In special cases, if it is considered necessary to reinforce the same (as in long lengths of walls) with two 6 mm MS bars provided at every third or fourth course in 20 mm rich cement mortar 1 : 3. Half the mortar joint (10 mm) is first laid and the other half (10 mm) is laid after the reinforcement is placed so that it is fully embedded in the mortar. (Any contact of the reinforcement with the brick will hasten corrosion of the steel and damage of the wall.)

 

These walls are generally plastered with cement plastering 1 : 5 with a thickness of 12 mm. This plastering also adds to the strength. If these walls are planned to be stopped at door height (as usually done in the tiled roofs with ceilings), the walls should not be stopped exactly at top of the door level and abruptly left at that level.

 

One layer of bricks should be laid over the door frame and throughout the length of the wall and then only the partition wall should be finished. A top layer of steel in cement mortar is also advisable.
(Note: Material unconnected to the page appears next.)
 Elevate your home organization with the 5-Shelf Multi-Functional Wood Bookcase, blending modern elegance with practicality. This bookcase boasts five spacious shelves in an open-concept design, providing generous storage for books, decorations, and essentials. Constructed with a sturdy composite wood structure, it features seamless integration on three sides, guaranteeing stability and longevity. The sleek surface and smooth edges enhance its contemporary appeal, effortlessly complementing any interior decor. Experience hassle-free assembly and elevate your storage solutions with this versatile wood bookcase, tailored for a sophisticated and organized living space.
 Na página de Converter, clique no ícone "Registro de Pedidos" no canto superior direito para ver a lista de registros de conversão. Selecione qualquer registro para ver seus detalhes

MUST-READ: Types of Bonds Used In Brick Masonry Wall Construction And Their Uses


How to Protect and Curing for Brick Walls?

Brickwork should be protected from rain by suitable covering when the mortar is green. Ideally curing of brickwork, especially in cement mortar, is done (as in concrete work) by thoroughly saturating it with water after setting of mortar (preferably after covering it with straw, hessian, gunny bags, etc.) for fourteen days.
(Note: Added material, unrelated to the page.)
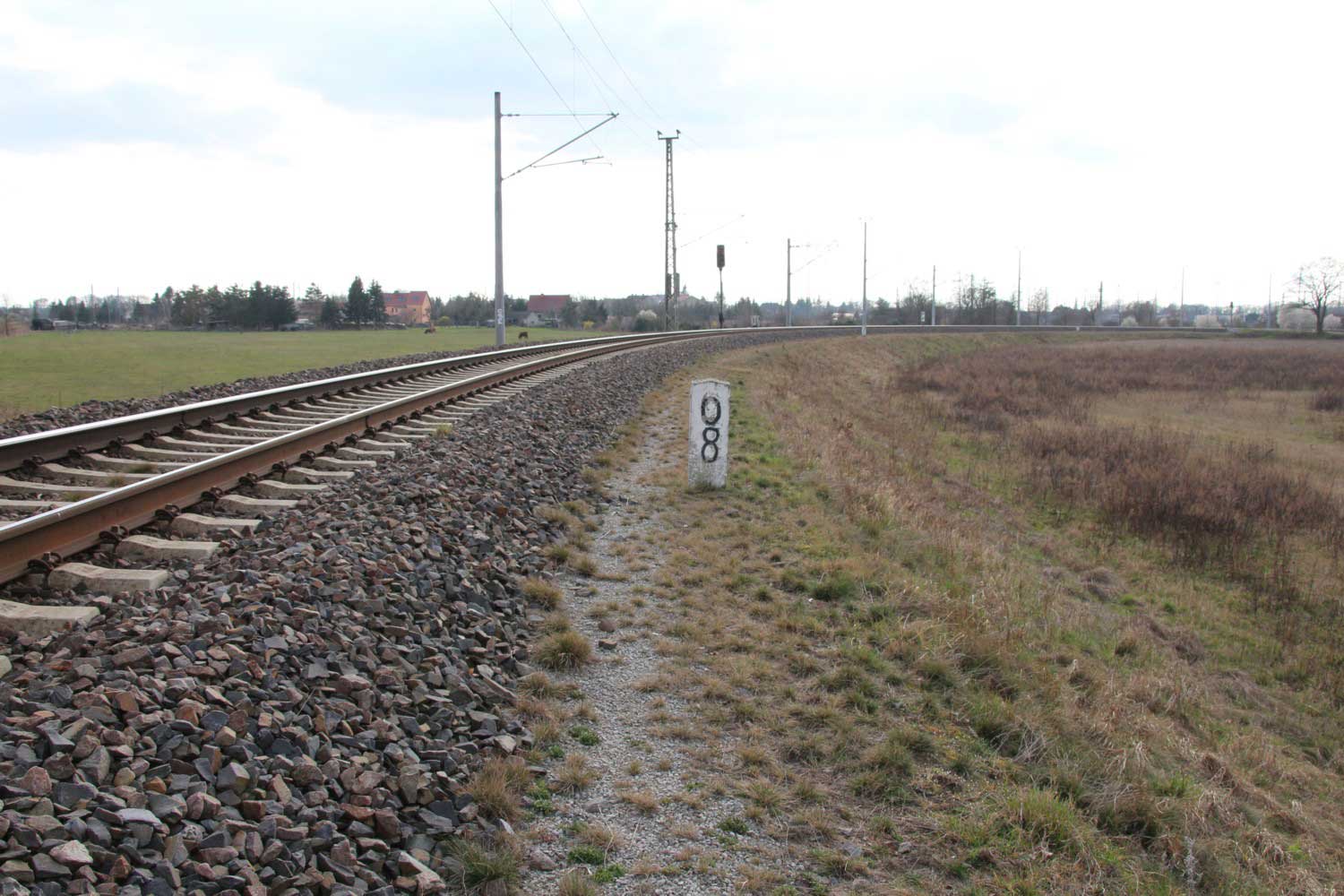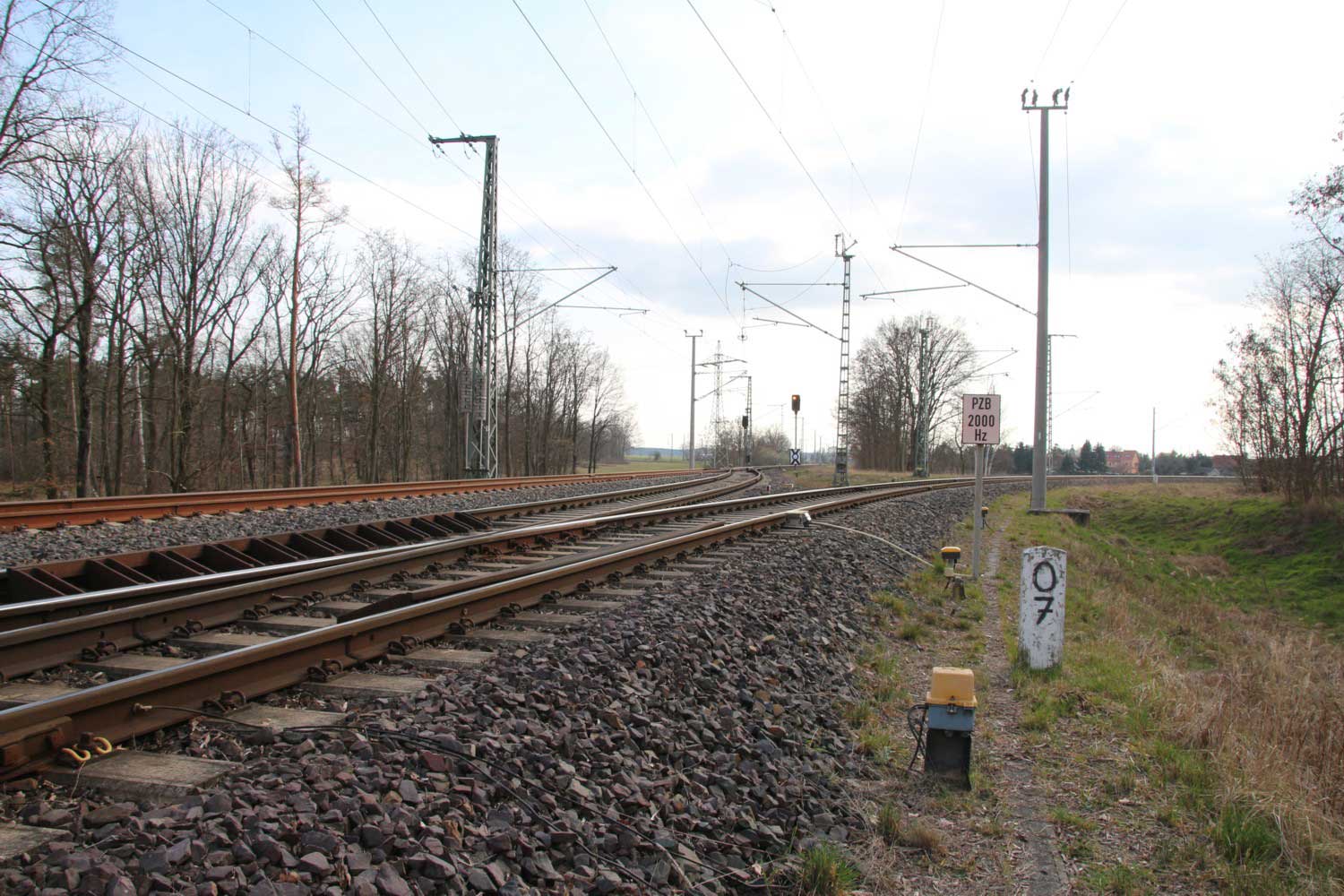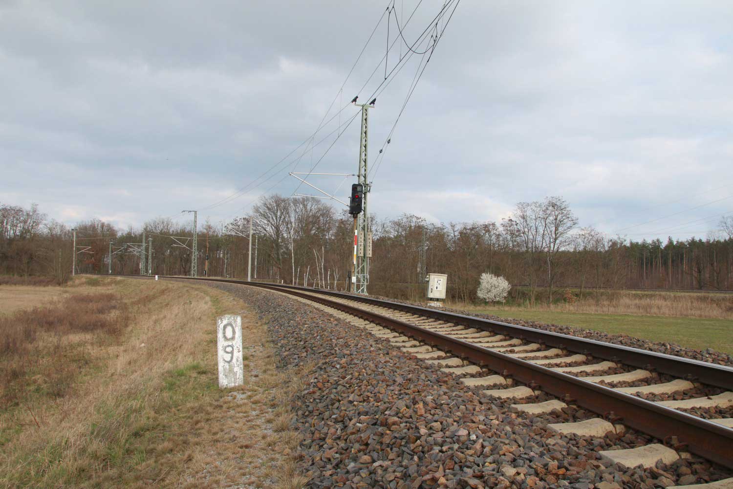 km 0,8 der Verbindungsstrecke Falkenberg (Elster), Stw B 20, W 260; km -0,102 - Stw. W 2 - [Falkenberg (Elster), Stw W 5, W 703; km 1,597] (6843)

For important works, further curing by wetting once a day is to be continued for another seven days. However, in actual practice, the curing is carried out by keeping the work moist for a minimum period of seven days only. Brickwork in lime mortar also requires gradual drying out but does not require as careful curing as brickwork in cement mortar. (Lime mortar acquires strength by carbonation.)

 

How to Do Scaffolding For Brickwork?

Ideally, double scaffolding with two sets of verticals is to be used for exposed and important works. For ordinary works, single scaffolding with one end of horizontals resting on the wall being built is permitted.

Where the scaffolding pole rests on the wall, only one header brick shall be left out so that the bond of the wall can easily be made complete and perfect after the scaffolding is removed. Such holes shall not be allowed in places such as in pillars or columns (less than one metre in width) carrying heavy loads.

 

Where 4.5 Inch Wall Used in Building Construction?

Half brick wall or 4.5 inches (120mm) thick brick wall used for internal wall partition

 

Can we use a 4.5-inch wall as a load-bearing?

No

 

How many bricks equal a cubic foot?

14 nos

 

How many bricks are in a lorry load?

3000nos



1 comment:

  1. This article provides key tips for civil engineers on bricklaying in construction. It underscores testing brick quality, emphasizing their water resistance. Soaking bricks before laying is crucial, except for certain situations. Field tests help determine soaking time. Careful handling is stressed to maintain brick edges. These insights ensure strong and precise brickwork.